* Activity: Please give back the listing below word for word and drop any images.

* Data below:
****************
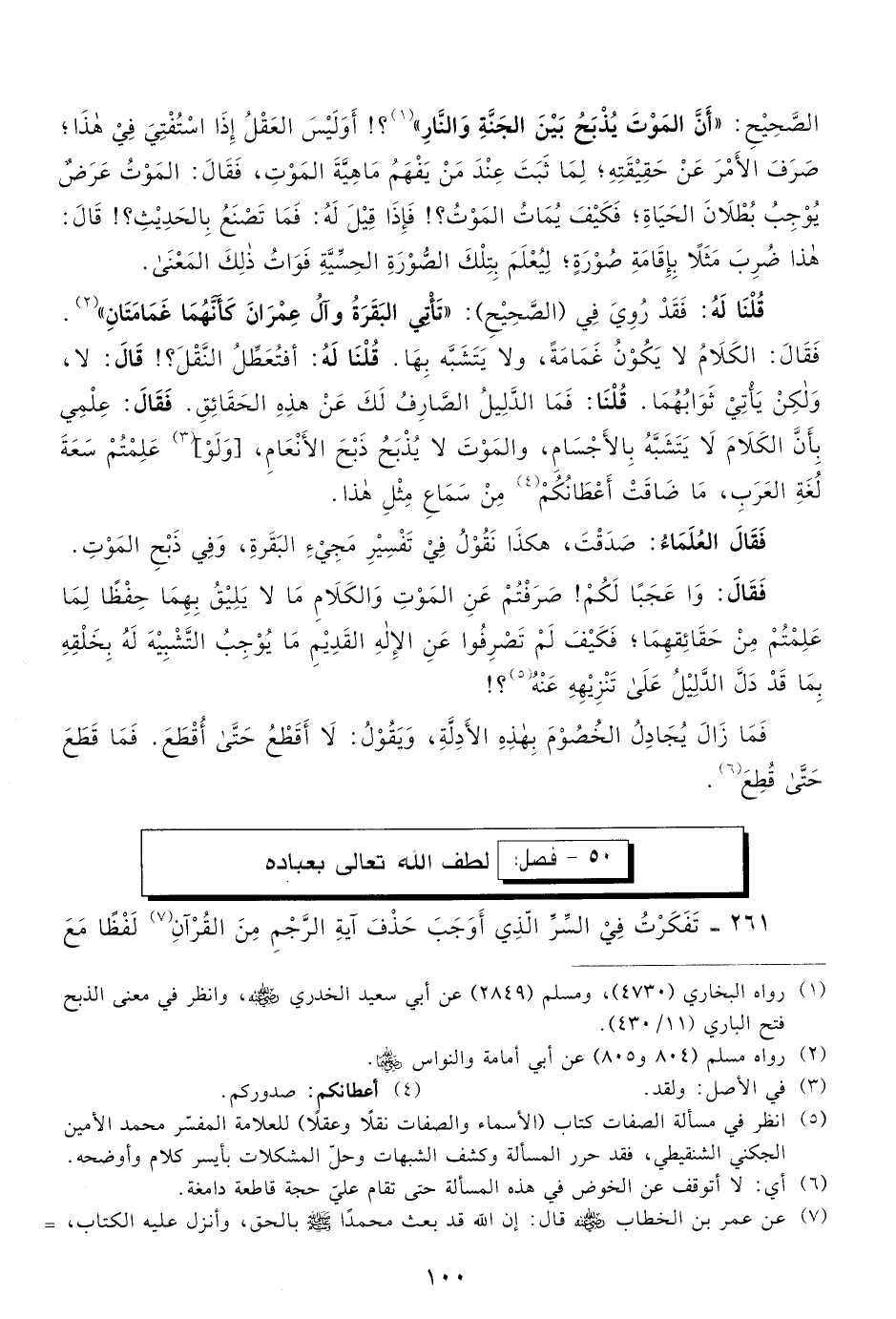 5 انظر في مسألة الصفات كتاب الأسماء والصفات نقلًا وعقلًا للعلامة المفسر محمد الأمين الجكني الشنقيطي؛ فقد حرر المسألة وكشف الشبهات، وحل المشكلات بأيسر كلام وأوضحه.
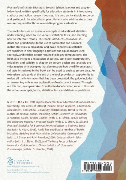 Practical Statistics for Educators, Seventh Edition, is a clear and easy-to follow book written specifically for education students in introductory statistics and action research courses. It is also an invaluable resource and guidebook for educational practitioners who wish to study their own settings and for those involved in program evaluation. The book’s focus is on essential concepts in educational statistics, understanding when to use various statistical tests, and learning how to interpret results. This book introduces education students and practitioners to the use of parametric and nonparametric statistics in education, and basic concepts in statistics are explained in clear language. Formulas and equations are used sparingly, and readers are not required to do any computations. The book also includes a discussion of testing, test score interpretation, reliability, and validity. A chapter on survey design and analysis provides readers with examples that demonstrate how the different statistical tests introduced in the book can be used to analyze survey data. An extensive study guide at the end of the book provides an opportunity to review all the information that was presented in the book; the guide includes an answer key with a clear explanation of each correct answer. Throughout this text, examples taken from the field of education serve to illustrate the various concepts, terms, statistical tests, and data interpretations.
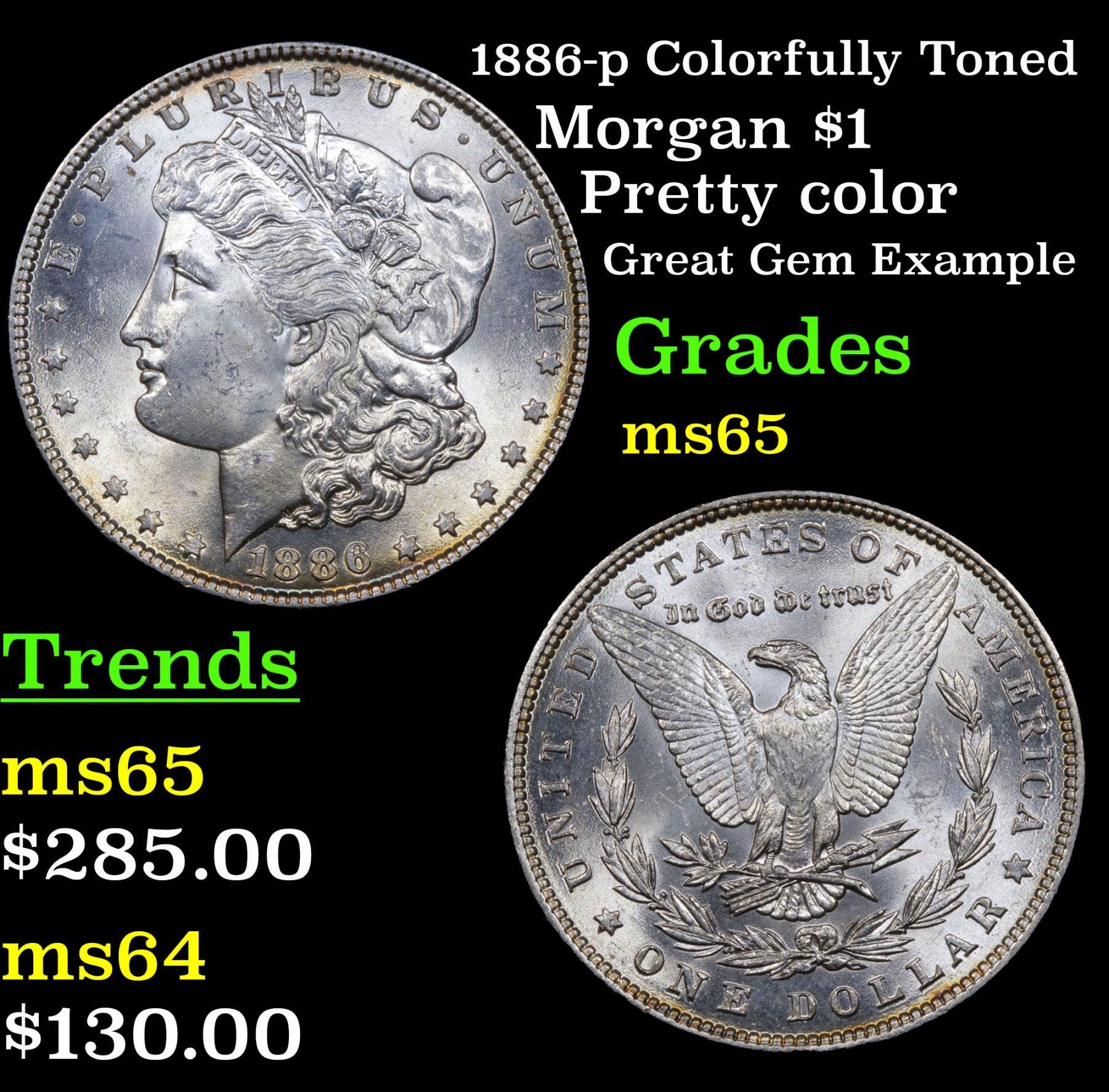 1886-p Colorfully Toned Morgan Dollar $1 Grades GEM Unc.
****************
* Result for this exercise:
 5 انظر في مسألة الصفات كتاب الأسماء والصفات نقلًا وعقلًا للعلامة المفسر محمد الأمين الجكني الشنقيطي؛ فقد حرر المسألة وكشف الشبهات، وحل المشكلات بأيسر كلام وأوضحه.
 Practical Statistics for Educators, Seventh Edition, is a clear and easy-to follow book written specifically for education students in introductory statistics and action research courses. It is also an invaluable resource and guidebook for educational practitioners who wish to study their own settings and for those involved in program evaluation. The book’s focus is on essential concepts in educational statistics, understanding when to use various statistical tests, and learning how to interpret results. This book introduces education students and practitioners to the use of parametric and nonparametric statistics in education, and basic concepts in statistics are explained in clear language. Formulas and equations are used sparingly, and readers are not required to do any computations. The book also includes a discussion of testing, test score interpretation, reliability, and validity. A chapter on survey design and analysis provides readers with examples that demonstrate how the different statistical tests introduced in the book can be used to analyze survey data. An extensive study guide at the end of the book provides an opportunity to review all the information that was presented in the book; the guide includes an answer key with a clear explanation of each correct answer. Throughout this text, examples taken from the field of education serve to illustrate the various concepts, terms, statistical tests, and data interpretations.
 1886-p Colorfully Toned Morgan Dollar $1 Grades GEM Unc.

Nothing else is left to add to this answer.